Tokarahia Temporal range: Late Oligocene, 27.3–25.2 Ma PreꞒ Ꞓ O S D C P T J K Pg N ↓

Scientific classification
- Domain: Eukaryota
- Kingdom: Animalia
- Phylum: Chordata
- Class: Mammalia
- Order: Artiodactyla
- Infraorder: Cetacea
- Family: †Eomysticetidae
- Genus: †Tokarahia Boessenecker and Fordyce, 2015
- Species: T. kauaeroa Boessenecker and Fordyce, 2015 (type); T. lophocephalus (Marples, 1956);

= Tokarahia =

Extinct genus of mammals

Tokarahia is a genus of eomysticetid baleen whale from the Late Oligocene (Chattian) of New Zealand. There are two recognized species, T. kauaeroa and T. lophocephalus.

==Description==
Tokarahia differs from other eomysticetids in possessing elongate, dorsoventrally tapering zygomatic processes that are medially bowed, with a concave lateral margin, an elongate diamond-shaped posterior bullar facet lacking longitudinal striations, and a transverse crest on the dorsal surface of the periotic, between the posterodorsal angle and the posterior internal acoustic meatus. It is similar to Tohoraata raekohao in having numerous foramina in the supraorbital process of the frontal, an ovalshaped incisural flange closely appressed to the anteroventral part of the pars cochlearis, a prominent dorsal tubercle between the stylomastoid fossa and apertures for the cochlear and vestibular aqueducts, a triangular anterior process in medial view with a posteriorly placed anterodorsal angle, a concave anterodorsal margin between the anteroventral and anterodorsal angles, an internal acoustic meatus that is anteriorly transversely pinched, a posterodorsal angle that is more acute and approximately 90° or smaller, and lacking a posterior bullar facet that is 'folded' into two facets by a hingeline, and additionally lacking longitudinal striations on the posterior bullar facet. However, it differs from Tohoraata in the structure of the earbone. The two species of Tokarahia are distinguished by the structure of the earbone as well as the degree of cranial telescoping.

==Taxonomy==
The type species, Tokarahia kauaeroa, is known from the holotype specimen OU 22235, which was found in the lower Maerewhenua Member of the Otekaike Limestone in New Zealand.

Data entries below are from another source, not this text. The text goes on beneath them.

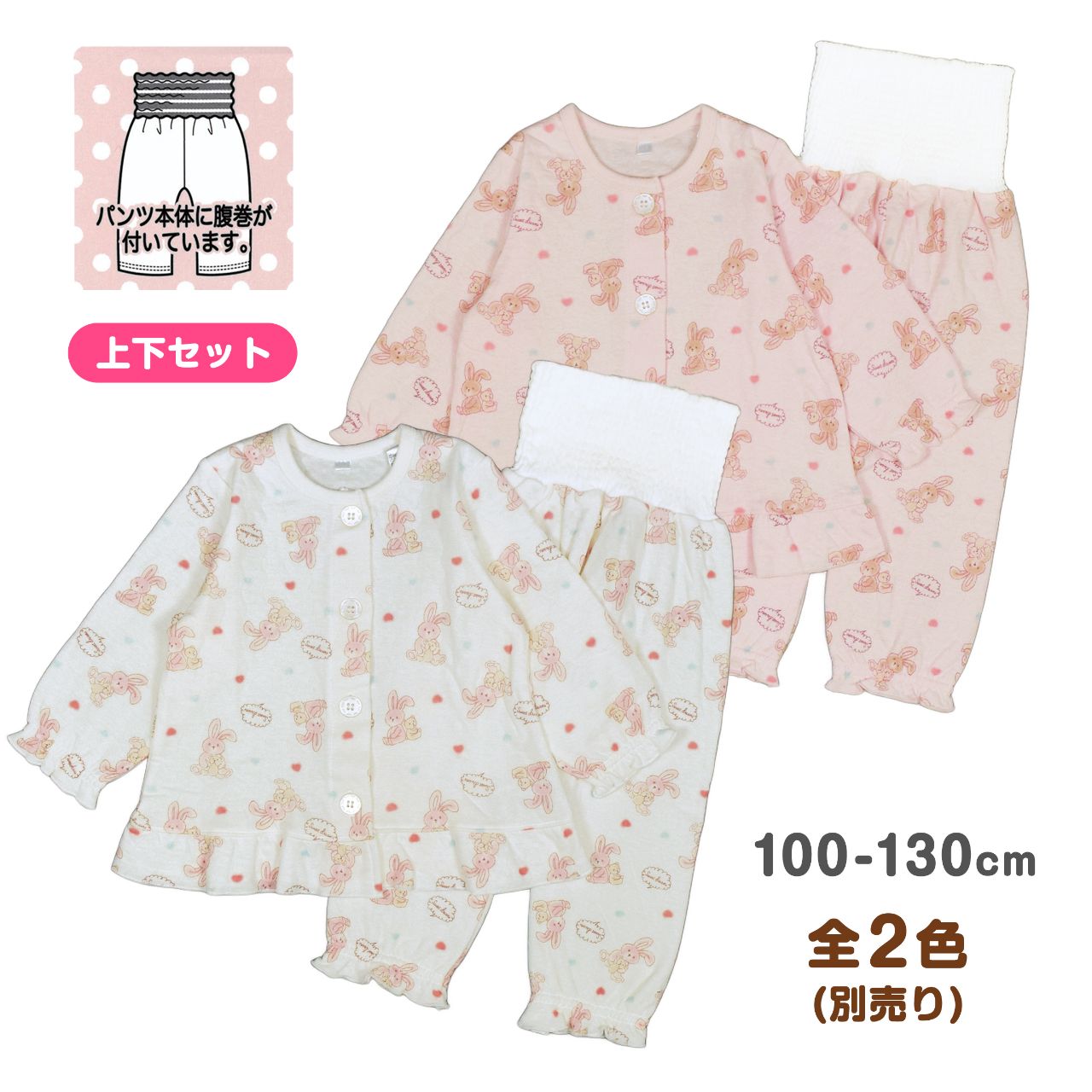 パジャマ 長袖 ニットキルト 腹巻き付き キッズ 子供 女の子 うさぎ クマ 総柄
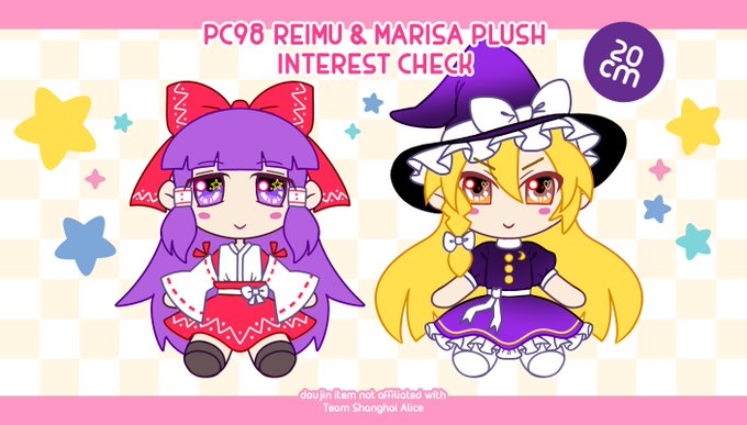 I am doing an interest check for doujin PC98 Reimu & Marisa plushies. If you are interested, please fill in the form. If there is enough interest, I can order prototypes and open pre-orders!
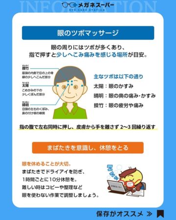 投稿では、他に指の腹で目のツボをマッサージする方法も紹介しています。ぜひ実践してみてはいかがでしょうか。
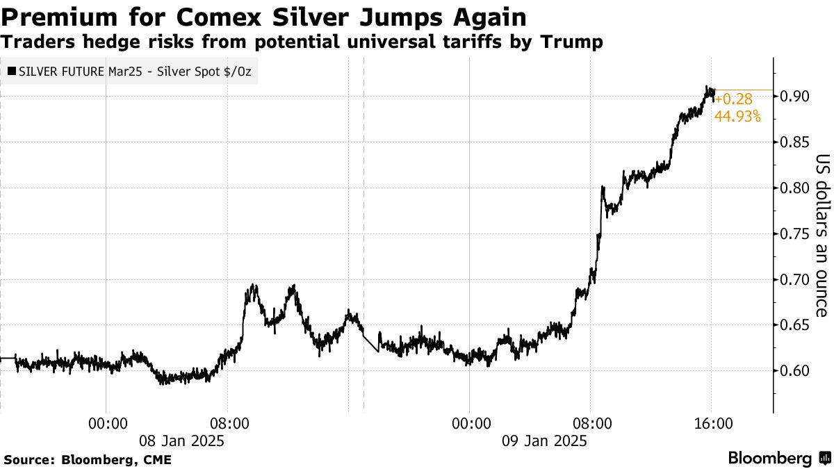 前月Comex银期货交易价格超过伦敦周四设定的现货金属价格每盎司高出0.90美元的溢价,接近12月时的峰值,交易员们对此作出反应,特朗普承诺对来自所有国家的所有商品施加 普遍关税。这将包括中国等主要经济对手以及加拿大和墨西哥等贸易伙伴。
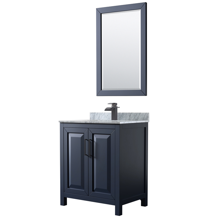 • Dark Blue Bathroom Vanity with White Carrara Marble & Square Sink image - 1
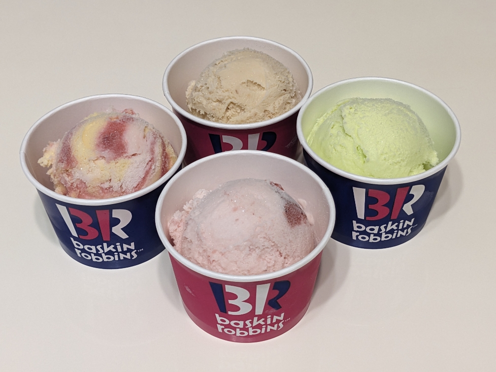 4つのアイスクリームは色とりどりに選べます。彩りも華やかです。
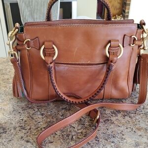 Elegant tan leather satchel. Features front buckle pocket. Gold-tone hardware. Perfect for everyday use.

The second species, T. lophocephalus, is known from the holotype OM GL 412 and referred specimen OM GL 443, both from the Kokoamu Greensand. It was originally described as a new species of Mauicetus, M. lophocephalus, before its eomysticetid affinities became clear.

==Paleobiology==
Based on the enlarged temporal fossae and enlarged mandibular canal, Tokarahia was probably incapable of lunge-feeding, although it remains unclear whether it could skim-feed or filter prey in the benthic zone.